What’s not yet been addressed is how, as economist Robert Dugger says in The Raising of America, “Our policies actually actively discourage parents from being able to take care of their children when they’re very young.” It’s not just that being a parent can be hard—just as it can be incredibly rewarding—it’s that U.S. policies and lack-there-of actually make it harder for parents to do a good job.

This is about low-income families, especially low-income families of color…

Yes, the data are clear that those exposed to the most threats to their well-being are children of low-income families, especially low-income families of color who are further burdened by the additional stressors of racism. But too often this statement implies that middle-income families and white families are immune to our lack of family-friendly policies. But many middle class and even affluent kids aren‘t doing as well as they could be.

Middle class families lead an increasingly precarious existence, squeezed for time, for money and for resources. Studies show that these stressors on parents can literally get “under the skin” of their young children, altering their emotional, intellectual and social development as they grow up— even if parents no longer feel stressed.

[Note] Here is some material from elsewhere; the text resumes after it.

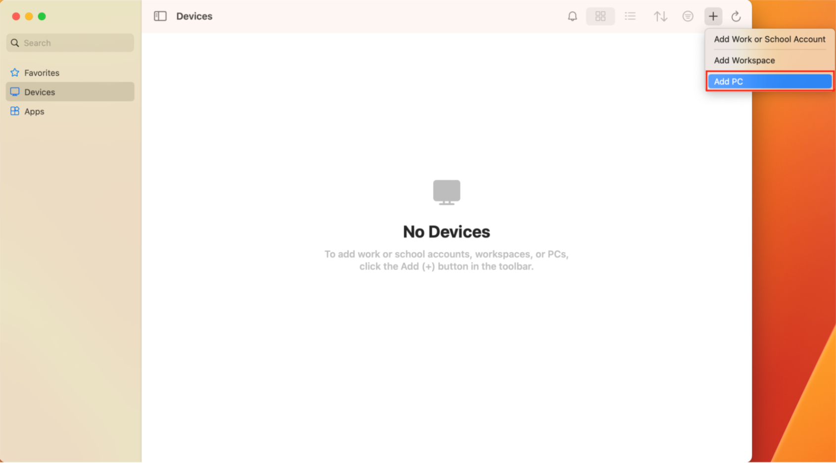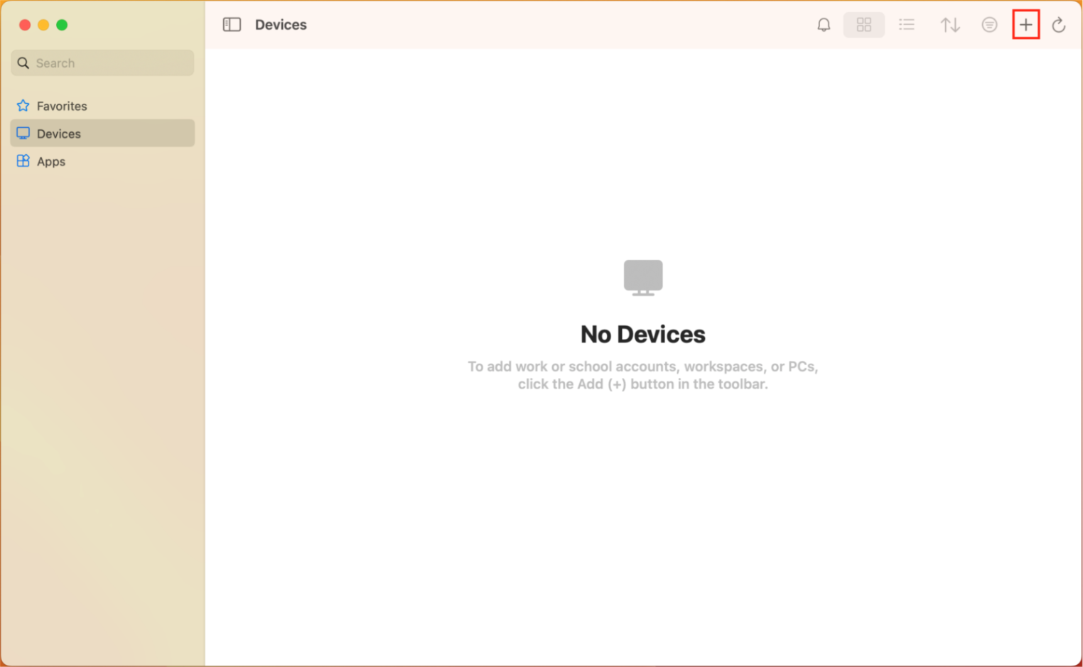 After clicking Skip, you will be at the following window. Click on the + at the top right-hand corner of the window to add a Remote Desktop Connection.

Let’s ask middle class parents: What would your life look like if quality childcare was $200/month? If you could take a paid year of time to be at home with your new child? If you could work flexible schedules, take four weeks paid holidays and vacations a year, and still advance in their career. Other rich countries guarantee these policies by law. They do so because it’s not just about low-income families or families of color. It’s about all of us—and the nation’s future.

Government just messes things up…

Government actions are usually welcomed or dismissed as ‘good’ or ‘bad.’ But isn’t the real question who government is held accountable to? Too often government is captured by corporate and monied interests. But the Civil Rights, Women’s Rights and Gay/Lesbian Rights movements indicate the power of countervailing social movements to shape government priorities and policies. But holding government accountable is a continual process, not something that happens just once. Ending child labor, the 8-hour work-day—these didn’t just spring out of the ground.

These outcomes were the result of many small and big—but always intentional—efforts to make change, that no matter the bumps and defeats on the journey to “keep one’s eyes on the prize.” Let’s make it clear to all parents that it doesn’t have to be this hard, that advocating for family-friendly policies can be a chapter in one of your favorite parenting books.

Ultimately, the struggle is over what should be public goods or a private commodity. In the U.S, we’ve decided that a K-12 education is a public good, available to all. But with some notable exceptions, early care is treated as a commodity to be purchased in the market.